Eysselein V E, Eberlein G A, Grandt D, Schaeffer M, Zehres B, Behn U, Schaefer D, Goebell H, Davis M, Lee T D
Harbor-UCLA Medical Center, Department of Gastroenterology, Torrance 90509.
Peptides. 1990 Jan-Feb;11(1):111-6. doi: 10.1016/0196-9781(90)90118-o.
PYY was purified from canine colonic mucosa by sequential steps of reverse phase HPLC and ion-exchange FPLC. Microsequence, amino acid and mass spectral analyses of the purified peptide and its tryptic fragments were consistent with the structure: YPAKPEAPGEDASPEELSRYYASLRHYLNLVTRQRY-amide. Canine PYY(1-36) has the identical sequence as porcine and rat PYY but differs from human PYY at position 3, with Ala instead of Ile, and position 18, with Ser instead of Asn. A smaller form, PYY(3-36), was also purified and characterized. It may differ in its biological activity from the intact peptide and could act as a partial antagonist or agonist of PYY(1-36).

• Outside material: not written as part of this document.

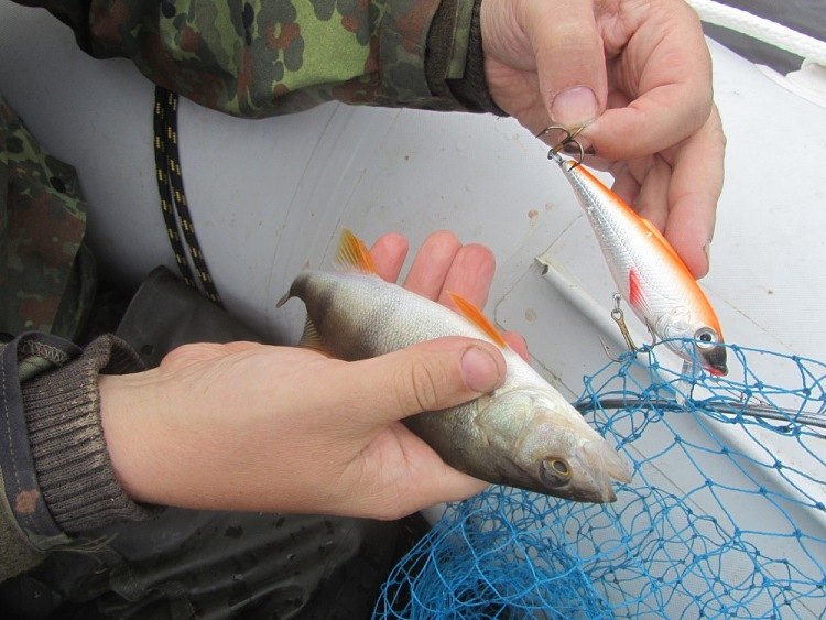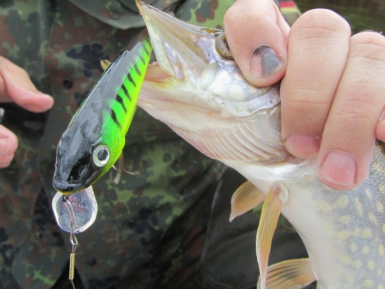 Спускаемся ниже по протоке. Ровное дно сменяется резкими перепадами глубин, потом резкий свал, яма. Воблеры идут примерно метра два над дном. Поклевок ни ждём. И вдруг вновь потяжка. Кислотный Буба отличился

通过反相高效液相色谱(HPLC)和离子交换快速蛋白质液相色谱(FPLC)的连续步骤,从犬结肠黏膜中纯化出肽YY(PYY)。对纯化后的肽及其胰蛋白酶片段进行微序列分析、氨基酸分析和质谱分析,结果与以下结构一致:YPAKPEAPGEDASPEELSRYYASLRHYLNLVTRQRY-酰胺。犬PYY(1-36)与猪和大鼠的PYY序列相同,但在第3位与人类PYY不同,犬为丙氨酸(Ala)而非异亮氨酸(Ile),在第18位也不同,犬为丝氨酸(Ser)而非天冬酰胺(Asn)。还纯化并鉴定了一种较小的形式,即PYY(3-36)。它的生物活性可能与完整肽不同,并且可能作为PYY(1-36)的部分拮抗剂或激动剂发挥作用。